The Trust agrees that it will use, and that it will ensure that all of its
affiliates and agents and other entities providing services with respect to the
Trust use, the Customer Information solely in connection with the subscription
for Shares by Customers, the booking of such Shares, the administration of the
Trust and the performance of their respective roles with respect to the Trust
and its Shares, and for no other purpose whatsoever. Furthermore, the Trust
agrees that it will not disclose or make available, and will ensure that none of
its affiliates or agents or other entities providing services with respect to
the Trust discloses or makes available, any Customer Information to any person
or entity that does not have a need to know such Customer Information in
connection with the foregoing.
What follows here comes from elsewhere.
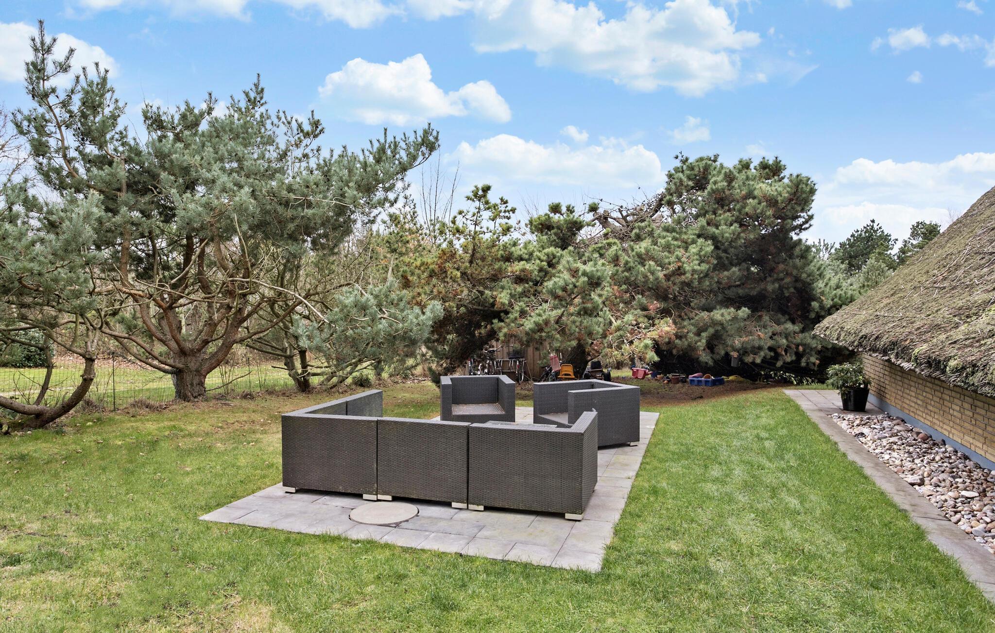 Gemütliches reetgedecktes Ferienhaus in Ristinge mit Meerblick, großem Garten und moderner Ausstattung auf Langeland.

Specifically, and without limitation of the
foregoing, the Trust agrees that it will not disclose or make available, and
will ensure that none of its affiliates or agents or other entities providing
services with respect to the Trust discloses or makes available, any Customer
Information to any persons or entities responsible for or involved in the
marketing of products or services to customers of such entities.
(b) The Placement Agent acknowledges and agrees that the Trust and its
respective affiliates may disclose Customer Information or portions thereof (1)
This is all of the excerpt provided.